Outre une lecture très littérale qui consisterait à voir dans la gestuelle d’une artiste en train de ramper sur le sol (d’un métro ancien que l’on peut visiter à Londres au London Transport Museum) une manifestation de ce désir formulé dans le titre, on décidera plutôt de voir cette pochette de disque comme la mise en forme d’un jeu de piste, voire d’une carte aux trésors qui donnerait accès à l’entrée de cette île dont Caroline nous souhaite, et dès les premières mesures de l’album, la bienvenue (“Welcome to my Island”).
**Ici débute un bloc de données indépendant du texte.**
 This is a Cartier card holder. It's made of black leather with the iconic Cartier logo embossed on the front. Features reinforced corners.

Un jeu de piste dans lequel les indices seraient parsemés aux quatre recoins d’un visuel que seuls les véritables connaisseurs de la discographie et filmographie de la new-yorkaise pourront correctement localiser, comprendre, repérer.
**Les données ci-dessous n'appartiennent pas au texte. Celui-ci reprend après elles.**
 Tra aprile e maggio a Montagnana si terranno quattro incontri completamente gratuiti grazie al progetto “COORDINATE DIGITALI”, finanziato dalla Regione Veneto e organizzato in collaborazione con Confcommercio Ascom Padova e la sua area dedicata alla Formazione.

Sable, fourmis, volcans & lapinous

D’abord, le sol sableux (inhabituel dans un wagon du métro londonien…), qu’on doit voir comme une référence au sable qui entoure le plus souvent les îles, comme celle sur laquelle nous sommes invités, on le redit, à pénétrer (“Welcome to my Island”). Basique.

Puis le “dessin cru d’un ange”, littéral, qui apparaît au plafond du wagon, au centre de l’image, et réfère littéralement au titre “Crude drawing of an angel”.

Aussi, l’autocollant Vesuvius”, collé au siège en bas à gauche de l’image, qui renvoie aux paroles de la chanson “Smoke” (“It’s just smoke, floating over the volcano”), et ceux collés cette fois en haut en dessous du plan du métro, qui renvoient aux titres “Bunny is a rider” ou “Sunset”.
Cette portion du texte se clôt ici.